The analisys of gas and dust in the coma of comets becomes crucial to understand the cometary activiy and represents an important reference for the new ESA mission as Comet Interceptor and for the small bodies showing ‘’cometary activity’’. Cometary activity consists in the ejection from cometary nuclei of dust and gas molecules induced by ice sublimation.
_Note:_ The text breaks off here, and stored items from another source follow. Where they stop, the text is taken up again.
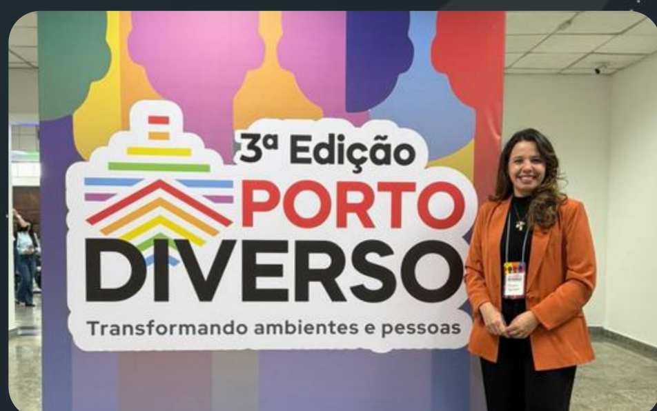
3ª edição do Porto Diverso
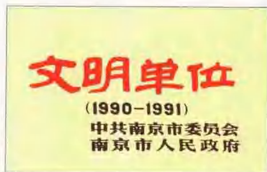
荣获南京市“文明单位”称号
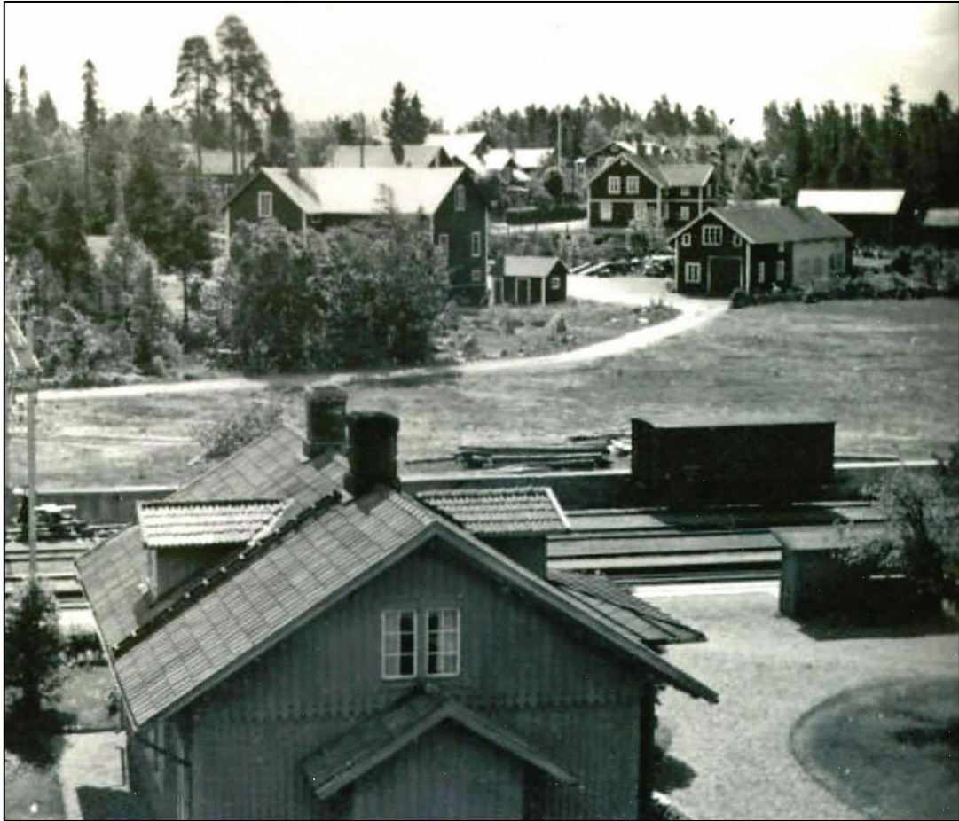
Baksidan av bilverkstan syns långt upp till höger.
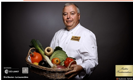
CCI_Ludovic Letot_My Loire Valley
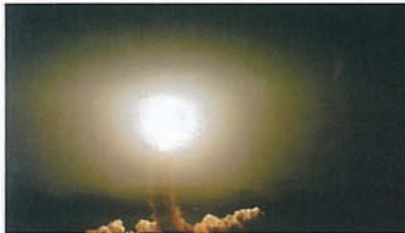
若田さん、第一回目のシャトルの打ち上げ瞬間
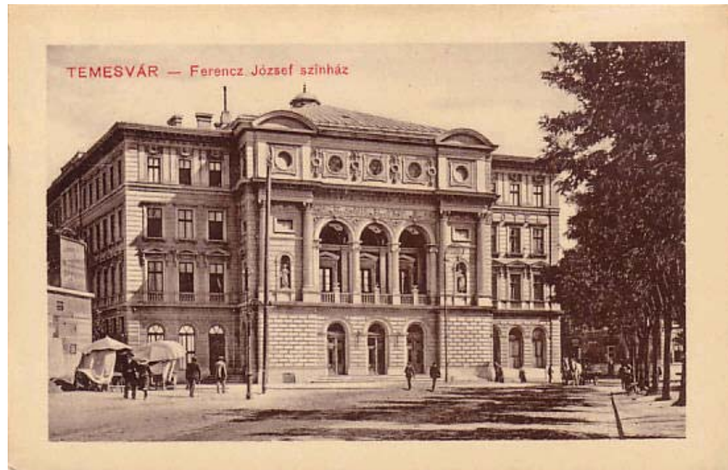
2. Ábra. A Temesvári Ferenc József színház (1800-as évek végén)

A felsőfokú oktatástól eltekintve, mely sajnos addig a pillanatig nem alakult ki, Temesváron 49 tanügyi intézmény működött, így a lakosság 80%-a minimum 6 osztályt végzett. A beindítani kívánt műszaki egyetem a második lett volna a Budapesti Műszaki Egyetem (1782) után.
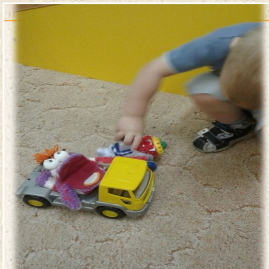
“ Покатаем Чудика на машине”
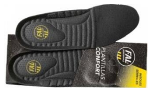
Plantillas extraíbles. Lavable
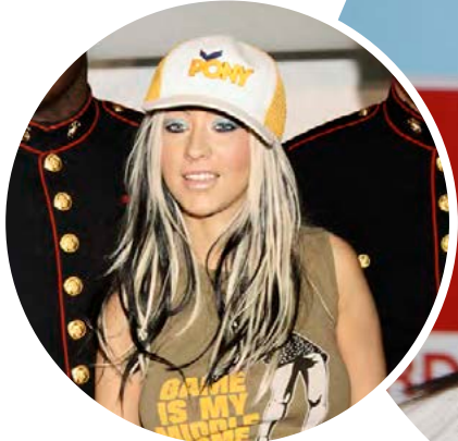
Christina Aguilera var alltaf ófeimin, þar á meðal við strípurnar.

Idol-stjarnan Kelly Clarkson rokkaði strípurnar, mjöu augabrúnirnar og þröngu hálsfestina.
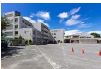
横浜市立日吉台西中学校 約 700m
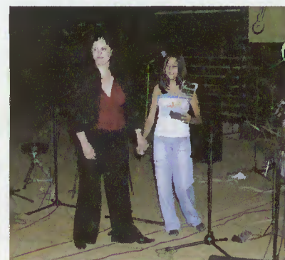
Vencedora do escalão infantil
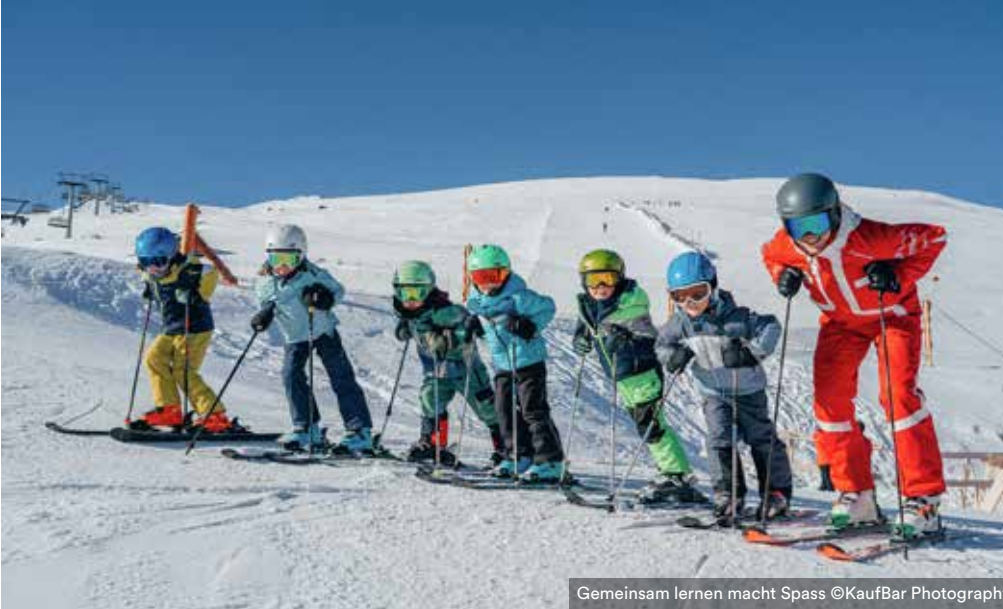
Gemeinsam lernen macht Spass

Cometary activity offers a valuable window into the composition of comet nuclei with his forceful ejection of dust and gas that reveals interior components of the comet. During the period between July and November 2015, the Rosetta spacecraft had monitored the inner coma of comet 67P/CG. The Visible InfraRed the Thermal Imaging Spectrometer (VIRTIS) and the ALICE ultraviolet spectrograph, onboard Rosetta observed and detected a series of outbursts and jets. H2O, CO2, CO, and O2 were all indirectly observed by ALICE within outbursts via emission from the daughter products H, C, and O, identified in the spectra as the first three members of the H I Lyman series, OI multiplets at 1152, 1304, and 1356 Å, and weak multiplets of C I at 1561 and 1657 Å . VIRTIS detected and characterized the dust properties of the jets and outburst in terms of radial profile, light curve, color, and dust mass loss in the VIS and IR wavelength range. The aim of this work is to take advantage of the capabilities of two instruments to analyze the dust and gas coma during these cometary features. The outburst observations show that mixed gas and dust outbursts can have different spectral signatures representative of their initiating mechanisms, with outburst showing indicators of a cliff collapse origin or showing fresh volatiles being exposed via a deepening fracture. Preliminary analisys shows the cometary activity observed after some outburst events has a moderate CO2/H2O ratio, evidence that O2 may have initiated the outburst and exposed new volatile-rich material.  This analysis opens up the possibility of remote spectral classification of cometary activities with future work.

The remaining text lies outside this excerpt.